Before approving the settlement, the bankruptcy judge obtained confidential documents showing the Rubin family’s economic conditions and their financial ability to pay the bank creditors. But the judge kept those documents under seal so the public could not see them.
In a recent appeal, lawyers for the precious-metals businessman are trying to recover his losses from the Rubins, the secured bank creditors and others in federal court in the Southern District of New York.
Jason Rubin, the former CEO for defunct Republic Metals, declined to comment for this story. He and his sister, along with their mother, Rose Rubin, inherited the family refinery business from the father, Richard Rubin, who died in 2013. Until it ran into financial troubles, Republic had been in business for nearly 40 years and become the biggest processor of gold from South America and Mexico, which was sold to the jewelry, tech and auto industries.
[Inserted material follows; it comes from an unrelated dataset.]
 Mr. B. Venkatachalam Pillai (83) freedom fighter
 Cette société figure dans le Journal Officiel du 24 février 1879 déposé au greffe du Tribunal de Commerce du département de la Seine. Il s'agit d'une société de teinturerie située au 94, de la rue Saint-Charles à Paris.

Republic’s financial problems were uncovered in April 2018, when the company said an internal inventory could not account for a large amount of gold and silver at its plant in Opa-locka. That shortfall, coupled with serious bank debt, led Republic to try to sell itself to a major Swiss gold refiner. The deal failed, leading the company to file for Chapter 11 bankruptcy in federal court in New York.
In its initial bankruptcy filing, Republic acknowledged inventory “discrepancies” were at the core of its financial problems. But the company did not provide details on whether gold and silver actually went missing or if it made an accounting error.
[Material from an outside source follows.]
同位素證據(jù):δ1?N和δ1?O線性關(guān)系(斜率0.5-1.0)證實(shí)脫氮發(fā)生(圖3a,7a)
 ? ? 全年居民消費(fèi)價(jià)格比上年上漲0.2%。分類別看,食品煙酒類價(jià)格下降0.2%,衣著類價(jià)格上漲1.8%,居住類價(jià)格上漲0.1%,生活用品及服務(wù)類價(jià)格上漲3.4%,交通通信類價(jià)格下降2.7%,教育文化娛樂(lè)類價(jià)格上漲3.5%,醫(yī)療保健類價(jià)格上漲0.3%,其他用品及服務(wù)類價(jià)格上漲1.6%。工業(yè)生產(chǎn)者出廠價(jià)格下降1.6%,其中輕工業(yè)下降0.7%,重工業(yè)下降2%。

For years now, Miami’s proximity to Latin America, which is rich in both gold deposits and drug traffickers seeking to launder money, has made it a hub for the U.S. gold industry dating back a decade.
Republic, along with other Miami importers, caught the eye of federal agents as they probed into the allegedly illicit gold trade, according to numerous law enforcement sources familiar with the investigation. In the end, Republic escaped prosecution and was cleared.
While the bankruptcy case unfolded, federal prosecutors in Miami reached a deal with Republic not to bring criminal charges against the company in 2019. Prosecutors, who were probing money-laundering and Bank Secrecy Act violations in the multibillion-dollar gold trade between Latin America and the United States, struck a “non-prosecution agreement” with Republic.
Under the terms of the NPA, Republic agreed to continue cooperating in the federal investigation into the gold industry and to make improvements in its anti-money-laundering program. Republic did not have to pay a fine, according to the agreement, which was included in a bankruptcy court filing in the New York case.
In the Miami gold-smuggling probe, federal prosecutors brought down a major Miami-based competitor of Republic, NTR Metals, convicting three of its gold traders in a $3.6 billion money-laundering scheme. NTR’s parent company, Dallas-based Elemetal, also paid a $15 million fine in a separate plea deal.
The Miami Herald spotlighted the NTR Metals case when it published an investigative series, “Dirty Gold, Clean Cash,” showing how U.S. reliance on Latin American gold drives widespread environmental destruction, human-rights abuses and mercury poisoning. On a visit to a ravaged Peruvian mining town in 2019, Pope Francis condemned illegal gold as a “false god that demands human sacrifice.”